MACPAC wants more managed care directed payment transparency


Medicaid payment advisors on Friday recommend policymakers improve transparency of managed care directed payments, which are commonly used to increase Medicaid payment to hospitals.

The Medicaid and CHIP Payment and Access Commission staff questioned what improvements directed payments are making to a state program, because managed care rates already must be high enough to ensure enrollees have access to care.

MACPAC recommended the Health and Human Services Department make more information on payment methodology and approvals available online to illustrate how this funding stream is being used.

States can use these payments to require managed care plans to pay providers according to specific rates or methods, but the amount of spending associated with directed payments is unclear. Spending for about half the arrangements in effect as of December 2020 totaled more than $25 billion, which is more than Medicaid disproportionate share hospital payments, according to MACPAC. There’s no upper limit on the payment amounts.

MACPAC may consider recommending an upper limit on directed payment amounts in the future, but the commission needs more information before taking that step, staff said.

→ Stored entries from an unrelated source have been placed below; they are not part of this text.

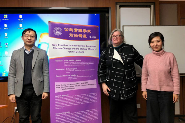 12月7日下午,公共管理学术前沿讲座第43期在清华大学公共管理学院举办。伦敦大学学院(University College London,简称UCL)巴特莱特建筑学院的D’MarisCoffman教授受邀发表了题为New Frontiers in Infrastructure Economics: Climate Change and the Welfare Effects of Unmet Demand的主题演讲,清华公管学院高宇宁副教授主持讲座,李应博副教授进行了点评。本期前沿讲座由清华公管学院国际发展与全球治理研究所承办,吸引了校内外师生共同参与交流与讨论。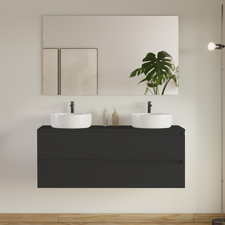 Meuble de salle de bain 120cm avec plateau et 2 vasques à poser Ares - 2 tiroirs - noir - LUNA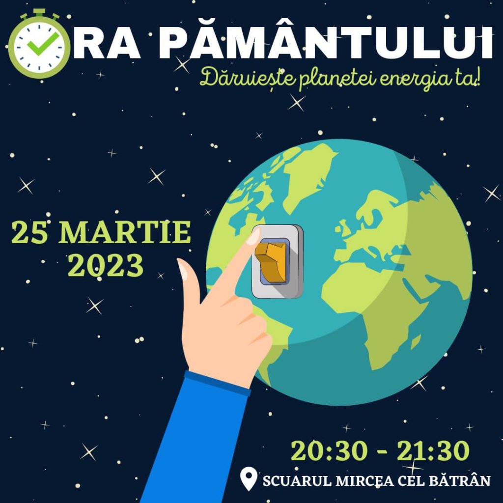 Sâmbătă, 25 martie 2023, între orele 20.30 – 21.30, în Scuarul Mircea cel Bătrân – care, pe parcursul acestei ore, va fi scufundat în întuneric – vor avea loc mai multe manifestări dedicate conştientizării modului în care fiecare dintre noi poate acţiona pentru salvarea Pământului:
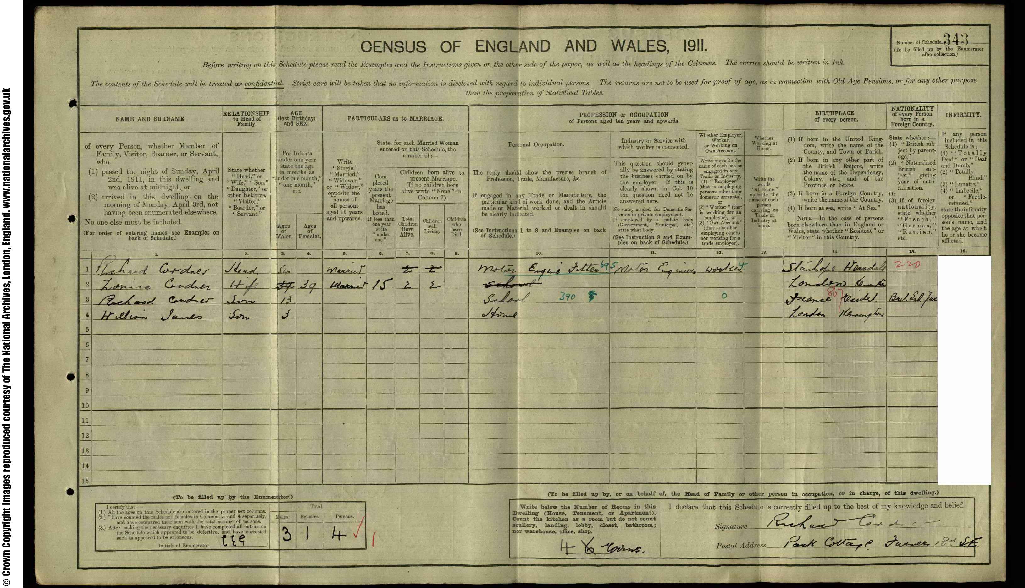 1911 England, Wales & Scotland Census Transcription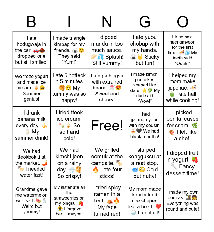 This bingo card has a free space and 34 words: I ate injulmi bingsu and got brain freeze. βοΈ Brrr! So delicious!, My mom made kimchi fried rice shaped like a heart. β€οΈπ I ate it all!, We grilled samgyeopsal outside. π₯π₯ It smelled amazing!, I drank ice-cold sikhye. πΆπ§ Sweet and chilly!, We had tteokbokki at the market. πΆοΈπ’ I needed water fast!, I ate 5 hotteok in 5 minutes. π₯π² My tummy was so happy!, I tried cold naengmyeon for the first time. ππ§ My teeth said βOuch!β, Grandma gave me watermelon with salt. ππ§ Weird but yummy!, I made triangle kimbap for my friends. ππ They said βYum!β, We had chimaek by the lake. ππΊ (But I had soda!), I ate patbingsu with extra red beans. π§π Sweet and chewy!, I dipped mandu in too much sauce. π₯π¦ Splash! Still yummy!, I tried galbi and licked my fingers. ππ Too good to stop!, We made gimbap and had a picnic. π₯¬π± I ate six rolls!, I had jjajangmyeon with my cousin. ππ€ We had black mouths!, I helped my mom make japchae. ππ« I ate half while cooking!, My sister ate all the strawberries on my bingsu. ππ€ I forgave herβ¦ maybe., I drank banana milk every day. ππ₯ My summer drink!, We had kimchi jeon on a rainy day. π§οΈπ₯ So crispy!, I slurped kongguksu at a rest stop. π₯£π³ Cold but nutty!, We grilled eomuk at the campsite. π’π₯ I ate four sticks!, I found honey butter chips at the beach. ποΈπ― So crunchy!, I ate hodugwaja in the car. ππ° I dropped one but still smiled!, I picked perilla leaves for ssam. πΏπ I felt like a chef!, I tried spicy ramen in a tent. βΊπ₯ My face turned red!, I made my own dosirak. π±π§ Everything was round and cute!, I ate yubu chobap with my hands. πποΈ Sticky but fun!, We shared a huge watermelon. ππ I ate the most!, I made kimchi pancakes shaped like stars. βπ₯¬ My dad said βWow!β, We froze yogurt and made ice cream. π¦π Summer genius!, I bought bungeoppang in the heat. ππ₯ Still yummy even hot!, I tried tteok ice cream. π‘π¦ So soft and cold!, I dipped fruit in yogurt. ππ₯ Fancy dessert time! and I ate too much and rolled on the floor. π½οΈπ Summer piggy!.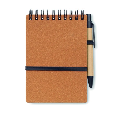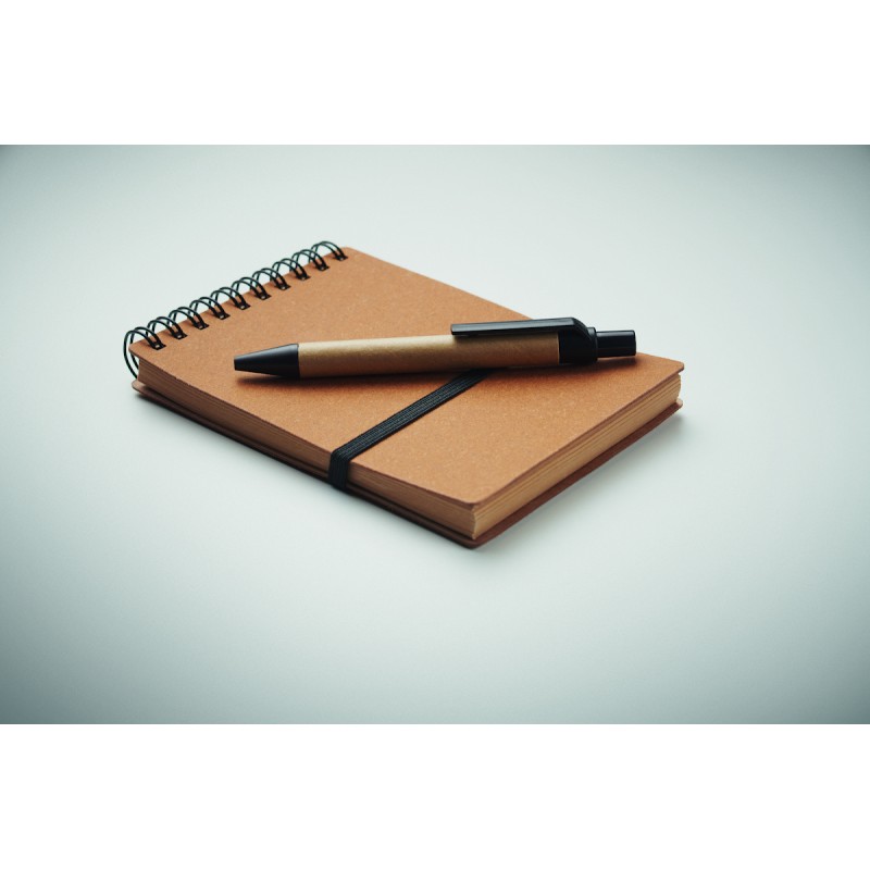 Carnet avec papier recyclé et couverture en PU (70 % de papier recyclé et 30 % de PU). Reliure à spirale. 140 pages lignées en papier recyclé (70 feuilles). Stylo bille à bouton poussoir assorti en carton recyclé et pièces en ABS. Encre bleue. Fermeture élastique et porte-stylo. FSC®-certified | FSC MIX CREDIT, P7.1, FSC-C213206
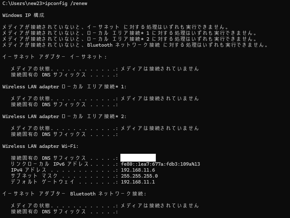 「 ipconfig /renew 」でIPアドレスを取得します。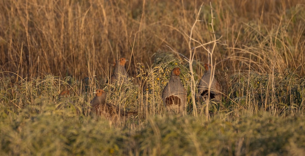 Moving towards the adjacent fields and tracks brought the dryland highlight of the morning. In the field margins, a tight and perfectly camouflaged group of ten Grey Partridges (Perdix perdix) appeared — the surprise of the day. They fed slowly in a compact covey, repeatedly lifting their heads to scan the surroundings. Seeing a healthy group of this size so close to the wetland emphasises the importance of the agriculture–marsh transition zone for farmland birds.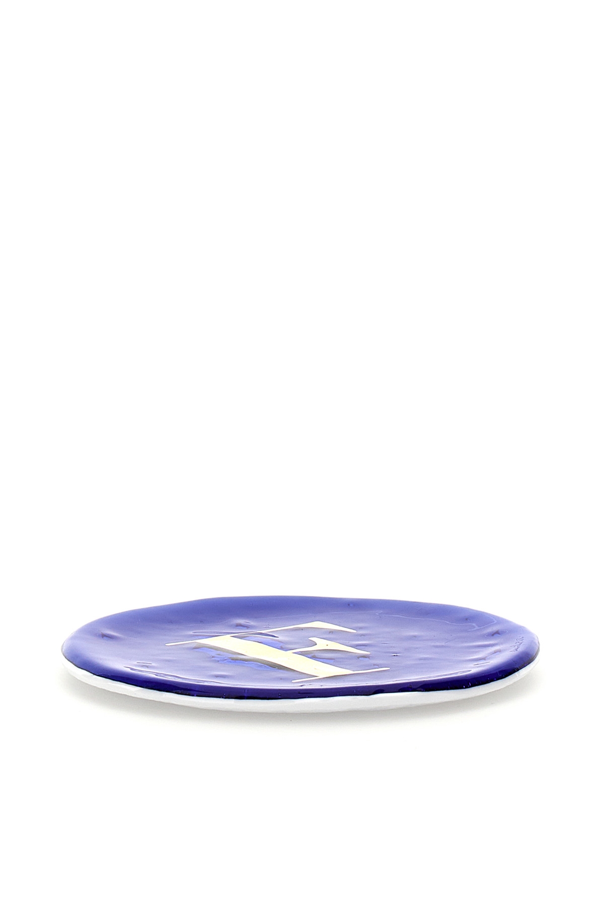 Glass valet tray with the letter 'F' hand-painted in gold.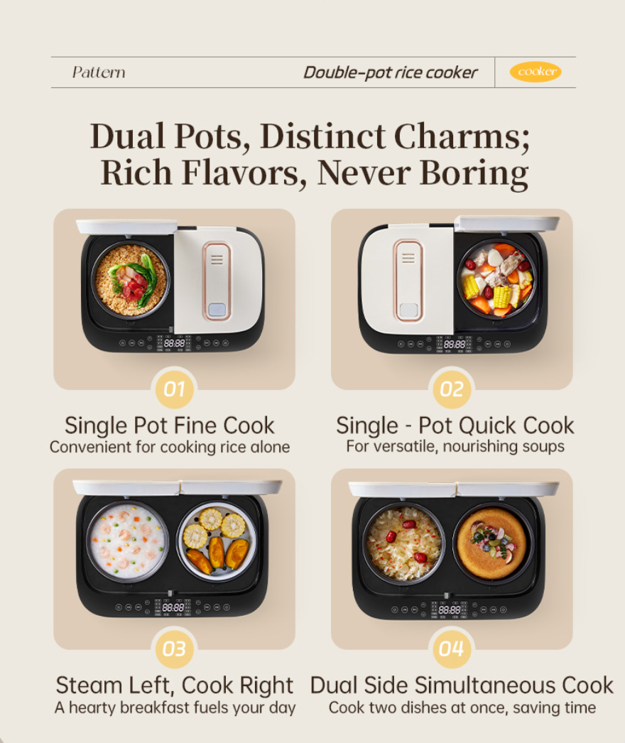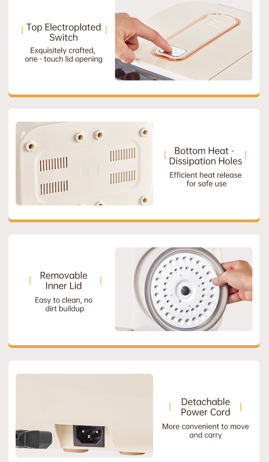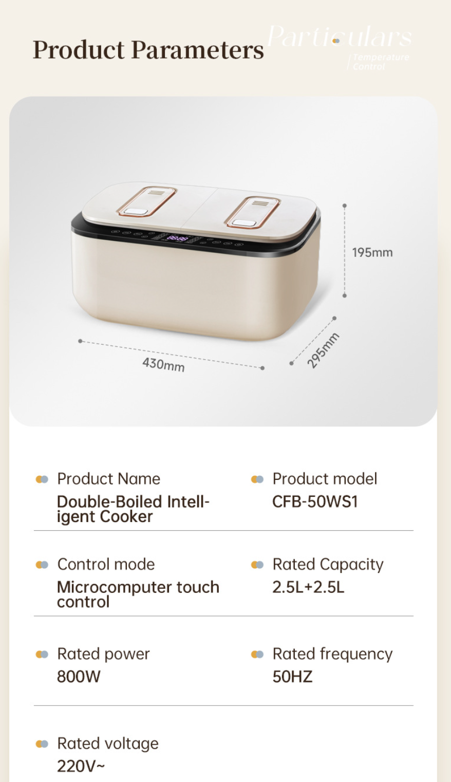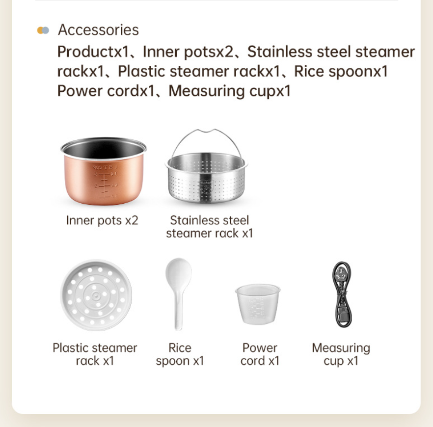 Included: 2 inner containers, 1 plastic steamer, 1 304 stainless steel de-sugaring steamer

Directed payments have grown substantially since they were created in 2016. When MACPAC reviewed the payments in 2018, it found 65 approved arrangements. By late 2020, more than 200 arrangements existed.

MACPAC identified 35 arrangements that increased payments by more than $100 million a year—and accounted for 90% of reported directed payment spending. The majority of the 35 arrangements are for payments to hospitals and boost provider pay above the Medicare fee-for-service rate.

CMS last year approvided $1.8 billion in new payments to Florida hospitals through directed payments, and Ohio tripled payments to certain hospital-based doctors, according to MACPAC. Utah used directed payments to preserve an older supplemental payment system for hospitals.

States currently need CMS approval before implementing directed payments that aren’t based on state plan rates, and states must also develop evaluation plans. But no written guidance exists on who needs to review these amounts or how states should evaluate their programs, MACPAC staff said. Because goals for the payments are unclear, it’s hard to say whether they’re meeting their objectives.

MACPAC on Friday recommended HHS require more rigorous evaluation plans for directed payments that bump provider rates substantially higher than the base state Medicaid rate, in order to better assess these payments’ performance and effect.

Commissioner Brian Burwell, whose MACPAC term ends this month, said he hopes MACPAC continues to examine Medicaid hospital financing in the future. The commission has recommended more data and transparency on supplemental dollars like directed payments and DSH, but he wants to see policy fixes on how Medicaid pays hospitals.

“The more we figure out what’s going on, the more kind of ridiculous the whole scheme seems… It’s not all bad. There are different reasons why we do this,” said Burwell, vice president of healthcare policy and research at Ventech Solutions, which manages technology initiatives for government agencies. “But it just seems totally ridiculous to me that Medicaid has ended up with this kind of financing mechanism for hospitals, particularly safety net hospitals.”

Other commissioners noted that these are federally allowable payment mechanisms, and policymakers need to be careful not to create unintended consequences by changing the systems.

Commissioner Bob Duncan, executive vice president and chief operating officer at Connecticut Children’s, also cautioned the group not to portray directed payments as inherently bad.

“I think we’re heading in the right direction, but I think we’ve got to be careful not to paint a broad brush of all supplemental directed payments or negative,” Duncan said, clarifying that his hospital does not receive any supplemental payments other than disproportionate share hospital money.